Pub Date: June 12th, 2007
ISBN: 978-1-4000-6222-5
Publisher: Random House

The author of the remarkably fine The Laments (2004) returns with another deceptively modest but deeply satisfying story of an intelligent and prickly family and the difficulty of love.

Tom Bedlam was born in the age of Dickens and survived well into the age of Galsworthy, and there are nods to both those greats in this tale of a bright lad in dreadful circumstances. Living with his very odd mother, who adheres to Christian principles despite mean surroundings, Tom faces a bleak future. Mr. Bedlam disappeared shortly after his birth, leaving Emily Bedlam to raise the child in a tenement while she paints china in a dreadful factory in their Vauxhall neighborhood, saving pennies for Tom’s education. Life gets worse when his awful mountebank of a father returns and steals his wife’s savings. Tom has to take on the brutal job of stoking the furnaces that fire the pottery, and he fancies himself happy enough. There is, after all, the opportunity to explore the topography of his lavishly built coworker Sissy, even as he ignores the love of Audrey, one of the daughters of the large rackety Limpkin family across the landing.
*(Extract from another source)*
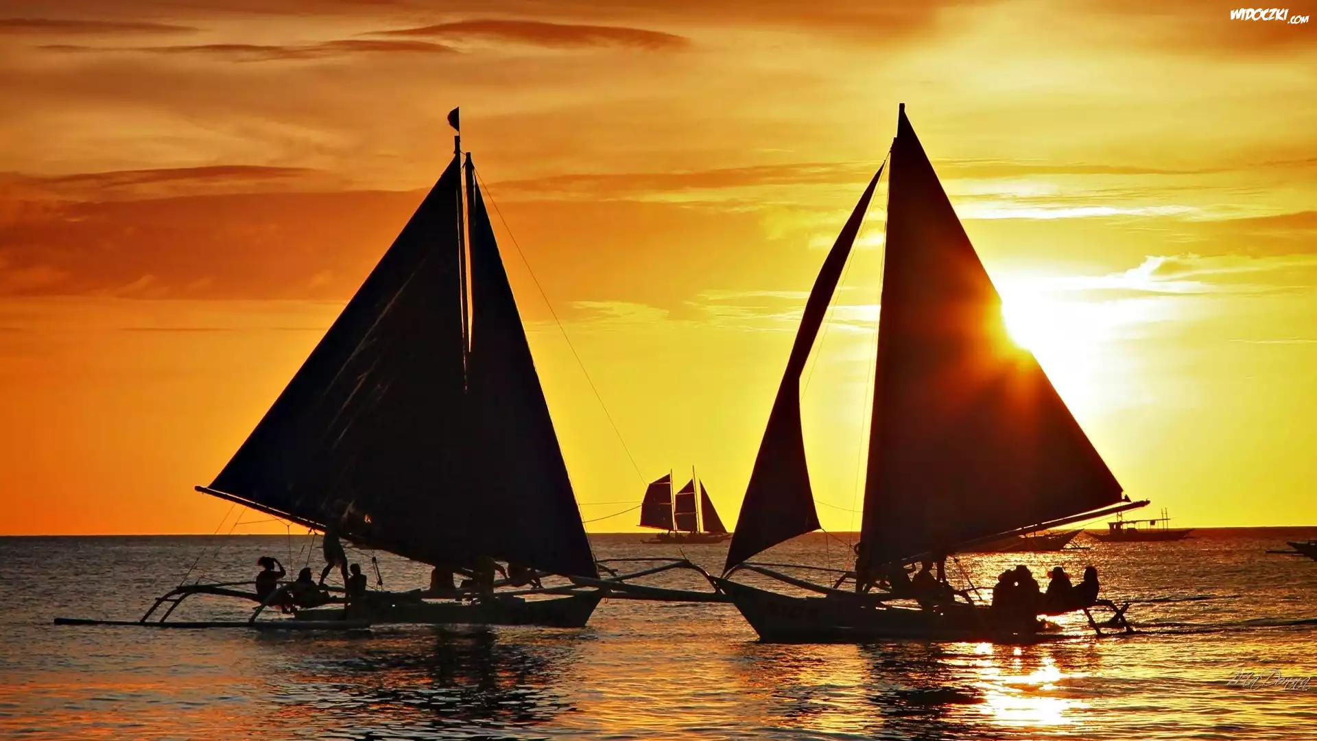 Zdjęcia, Zachód Słońca, Żaglówki, Morze

Then Emily’s sanity and health fail, bringing both her estranged husband and estranged father, a wealthy brewer, to her deathbed. The brewer sends Tom off to school, where he acquires manners and a start on the path to a career in medicine. At the school he is the only witness to the murder of a much-bullied friend. The murderer, in the best Dickensian tradition, will turn up later, wealthy and important. Tom, with support from the father of the murderer, becomes a doctor and a gentleman. Desperate to be the father he never had, he elopes with one of two equally loving sisters to South Africa and becomes a family man whose three daughters and one fey son draw him back to England and the terrors of the Great War.

Like the Forsytes saga, worth continuing for four or five more volumes.